Upacara PTDH tersebut dipimpin langsung Kapolresta Gorontalo Kota, Kombes Pol. Suryono, serta dihadiri seluruh Pejabat Utama (PJU), para kapolsek jajaran, perwira, bintara, hingga aparatur sipil negara (ASN) di lingkungan Polresta Gorontalo Kota.
Pelaksanaan PTDH itu menjadi bentuk komitmen institusi dalam menegakkan disiplin, menjaga marwah organisasi, serta mempertahankan integritas Polri di tengah masyarakat.
Dalam amanatnya, Kombes Pol. Suryono menegaskan bahwa keputusan PTDH bukanlah sesuatu yang membanggakan bagi institusi.

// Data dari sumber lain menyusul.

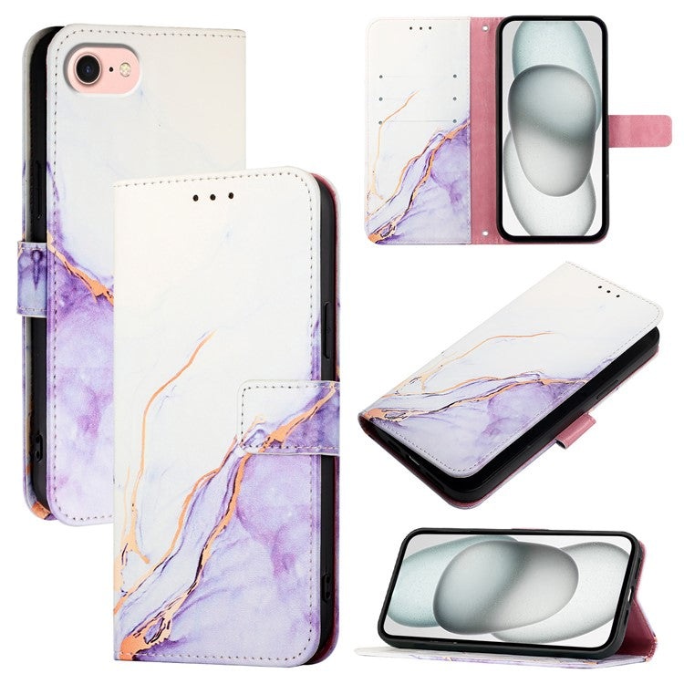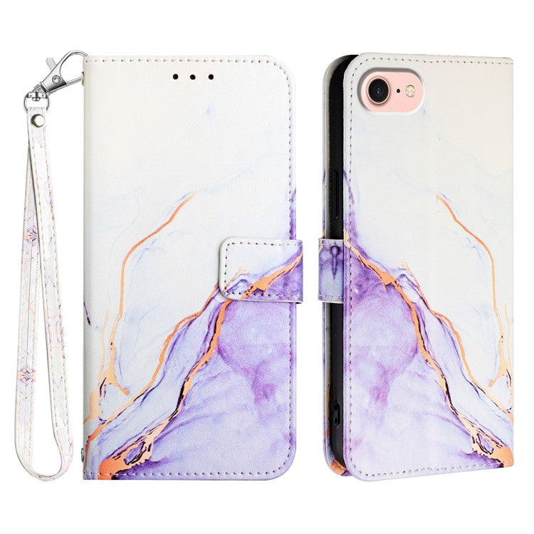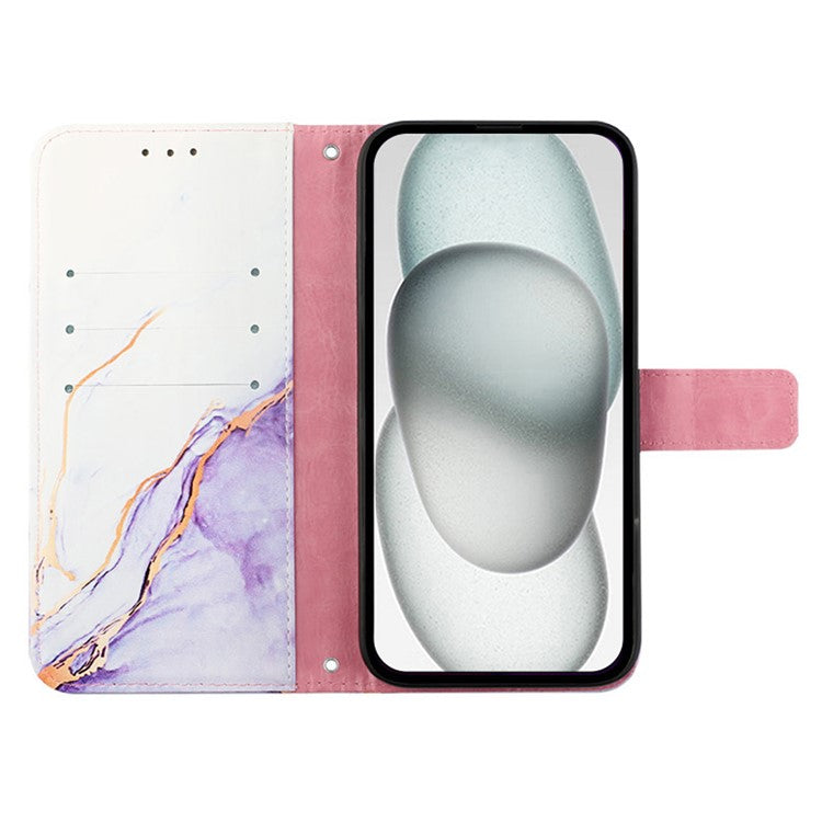 YB Pattern Printing Leather Series-5 For iPhone 16e Wallet Case Leather Phone Cover with Strap - White+Purple LS006

Namun, langkah tersebut harus diambil sebagai konsekuensi atas pelanggaran berat yang dilakukan anggota.
“Kegiatan ini merupakan bentuk nyata dari komitmen institusi Polri, khususnya Polresta Gorontalo Kota, dalam menegakkan aturan disiplin dan kode etik. Kita harus terus menjaga profesionalisme serta integritas anggota dalam pelaksanaan tugas pokok kita sebagai pelindung, pengayom, dan pelayan masyarakat,” tegas Suryono.

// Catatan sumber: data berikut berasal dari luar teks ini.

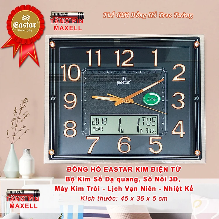 Đồng hồ Treo Tường EASTAR Kim Điện Tử KIM TRÔI Cao Cấp DẠ QUANG - LỊCH Vạn Niên và NHIỆT KẾ Điện Tử

Ia menjelaskan, keputusan PTDH terhadap personel tersebut merupakan hasil dari proses persidangan Komisi Kode Etik Profesi Polri (KKEP) yang berlangsung panjang, transparan, dan sesuai prosedur hukum yang berlaku.

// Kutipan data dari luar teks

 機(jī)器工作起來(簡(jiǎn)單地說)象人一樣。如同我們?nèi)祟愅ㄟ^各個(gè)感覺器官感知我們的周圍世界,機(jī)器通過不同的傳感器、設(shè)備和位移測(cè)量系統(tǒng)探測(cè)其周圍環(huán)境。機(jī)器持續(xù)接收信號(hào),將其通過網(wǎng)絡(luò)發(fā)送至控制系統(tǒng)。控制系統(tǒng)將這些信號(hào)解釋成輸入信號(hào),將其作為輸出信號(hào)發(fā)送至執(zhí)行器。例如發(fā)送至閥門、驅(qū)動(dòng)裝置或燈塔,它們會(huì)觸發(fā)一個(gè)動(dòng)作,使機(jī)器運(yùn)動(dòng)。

Lebih lanjut, Suryono menegaskan bahwa institusi Polri tidak akan mentoleransi segala bentuk pelanggaran berat, baik pelanggaran disiplin, kode etik, maupun tindak pidana yang dapat mencoreng nama baik kepolisian di mata masyarakat.
Upacara kemudian ditutup dengan doa bersama sebagai bentuk harapan agar seluruh personel Polresta Gorontalo Kota senantiasa diberikan kekuatan, bimbingan, dan perlindungan Tuhan Yang Maha Esa dalam menjalankan tugas pengabdian kepada masyarakat, bangsa, dan negara.